# 26-28 inch shotgun barrel lenth



## Steve G (Nov 29, 2016)

I am interested in picking up a 20 gauge semi-auto for waterfowl hunting and have been considering the Franchi Affinity. I like the price but not sure that I'd like the 26" barrel. Have any of you shot both a 26" barrel and a 28" barrel and experienced a difference in feel?


----------



## wagdog (Jan 6, 2009)

I haven't shot the Affinity but i have shot plenty of shotguns (pumps and autos) with a 26 or 28 inch barrel. In my experience, it depends on the gun. Sometimes the balance of the gun is more weight forward which is what I like for waterfowl. Sometimes it isn't and the 26 vs 28 inch barrel of the same model of shotgun doesn't matter that much. Pick up both models if you can and try to get a feel for them. If you can't tell a difference, the birds won't either. 

My chukar gun has a 26 inch barrel and I can miss them just as easy as with my 28 inch duck gun. I think the only time I could tell some discernible difference in how one swung vs the other was in a couple of Remington 1100s. The longer barrel felt like it swung a little slower and wasn't quite as "whippy." Others I can't really tell other than you are 2 inches closer to the birds with that 28 inch barrel!


----------



## Fowlmouth (Oct 4, 2008)

I will make this easy for you. Get the 26" barrel. I have the Weatherby SA-08 20 ga. with the 26" barrel and my daughter has the Franchi Affinity with the 26" barrel. If you like aftermarket chokes in the extended version they will add an extra 2" anyway. All of my 12 gauges have 28" barrels, and to be quite honest I would have no problem purchasing one with a 26" barrel. I don't believe there is any advantage to having a longer barrel other than what was mentioned about balance.

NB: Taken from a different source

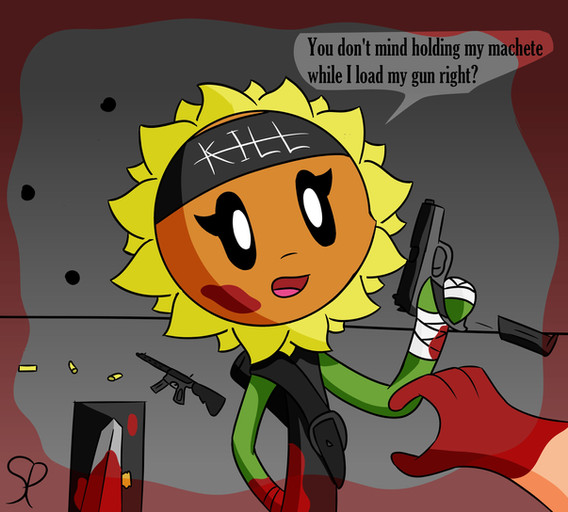 Blandozo The Mask: Yeah no worry's, excuse me for a sec I gotta take care of him for a bit. (grab zombie, pull out and punch him a lot) I WAS TALKING TO A NICE SUNFLOWER LADY YOU STUPID BRAINLESS HUNGRY ZOMBIE! Heyah! (punch zombie up the top floor and dead) There that will learned him, (he look at his right hand on the bite mark) say uh can do me a favor, can you cut my right hand before I turned into one of them.

Goosefreak and I had this conversation last year and we both went for the 26" barrels on our new 20 gauges.

Oh, and BTW I shoot the 20 gauge better than I do my 12's. Love that gauge!


----------



## BPturkeys (Sep 13, 2007)

Not on the Franchi, but I have had both my 870's, 12 & 20, cut down to approx 24 inchs. I love that short lenght. They are a dream to carry in the field, handle and point nicely. The shorter barrel is especially nice in a sitting position like a turkey setup or duck blind. No need or reason for long barrels today, just use the right choke.


----------



## toasty (May 15, 2008)

I have 24", 26", and 28" barrels on 20ga semiauto shotguns. A 28" swings slower and is perfect for ducks and pheasants, but is slow for doves and quail. I hunt doves with a 24" and a 26" and then have to make an adjustment to my swing when I duck hunt. It takes a couple hunts to get used to the new swing. I don't like 24" for ducks, it is too fast and I miss more with that vs a 28" barrel. All of them work for turkeys, but sure it nice to hike with a shorter shotgun if it is thick and nasty. Bottom line, 26" works for everything and is the perfect length for a 20ga semi auto imo. 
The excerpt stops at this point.